In the trademark infringement matter of Erol v Global Fashion Links [2014] EWHC 4687 (IPEC) (9 December 2014), the Court has agreed to set aside Judgment in default entered against the Defendant.

On a technical note, the Rules (CPR 13.3) provide that Judgment in default should only be set aside (a) if the Defendant has a real prospect of successfully defending the claim or (b) there appears to be some other good reason why the Judgment should be set aside or varied, or why the Defendant should be allowed to defend the claim. For completeness, the Courts also take into consideration whether the Defendant’s application was made promptly.

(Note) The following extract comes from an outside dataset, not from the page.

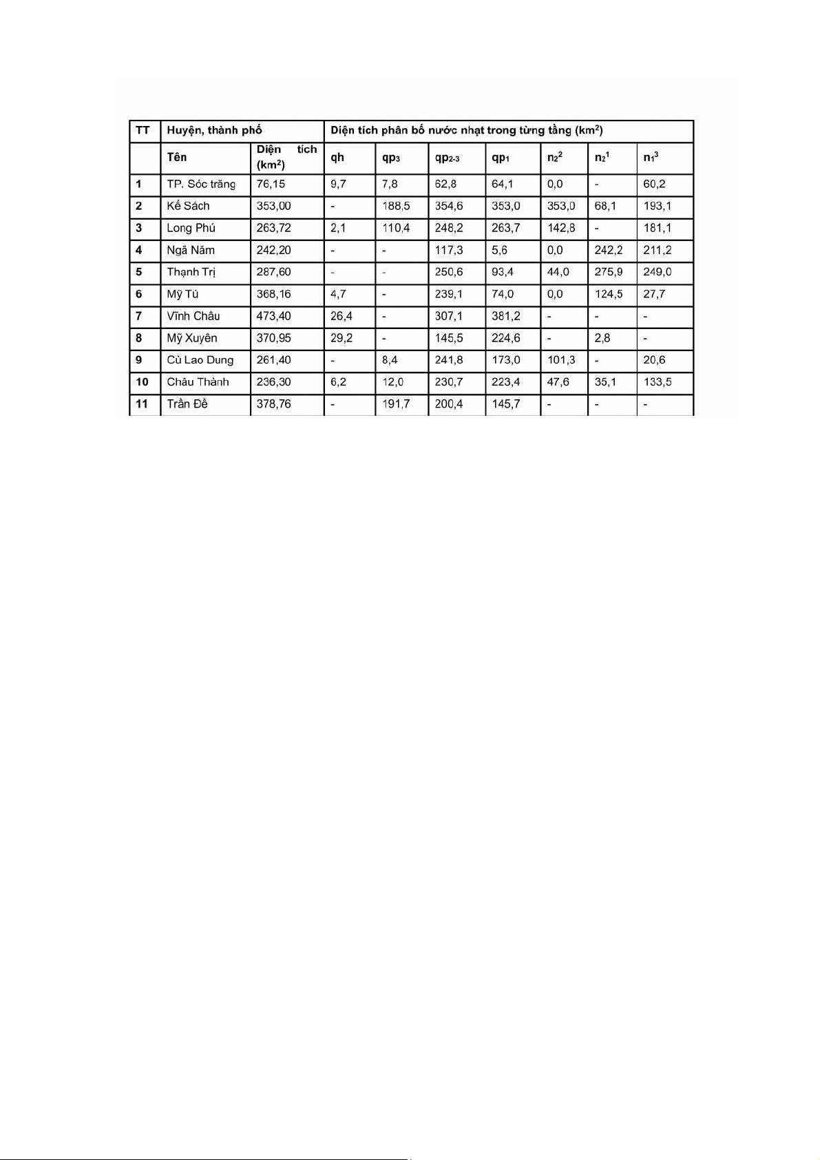 Ngoài ra, ở Sóc Trăng còn có những khu vực tồn tại các tầng chứa nước chất lượng

Whilst the case primarily revolved around whether the Defendant had a real prospect of success at trial, which the Court was satisfied it did, the Court also considered the Claimant’s technical failure to serve a “response pack” when serving the Proceedings on the Defendant. The response pack contains the guidance notes for the Defendant and the necessary acknowledgement and defence forms.

Notwithstanding the fact that a response pack is readily available through a Court office or online, the Court took the view that, as held in the matter of Gulf International Bank BSC v Ekttitab Holding Company KSCC [2010] EWHC B30 (Comm), a Claimant’s failure to serve a response pack is potentially a good enough reason, by itself, to set aside Judgment in default, irrespective as to the merits (or otherwise) of a Defendant’s case.

This decision is unlikely to come to the rescue of many Defendants trying to aside a Judgment in default but does serve as a reminder to ask the question as to whether the Claimant strictly complied with its technical obligations when serving the Proceedings. If not, the set-aside application could become a whole lot easier!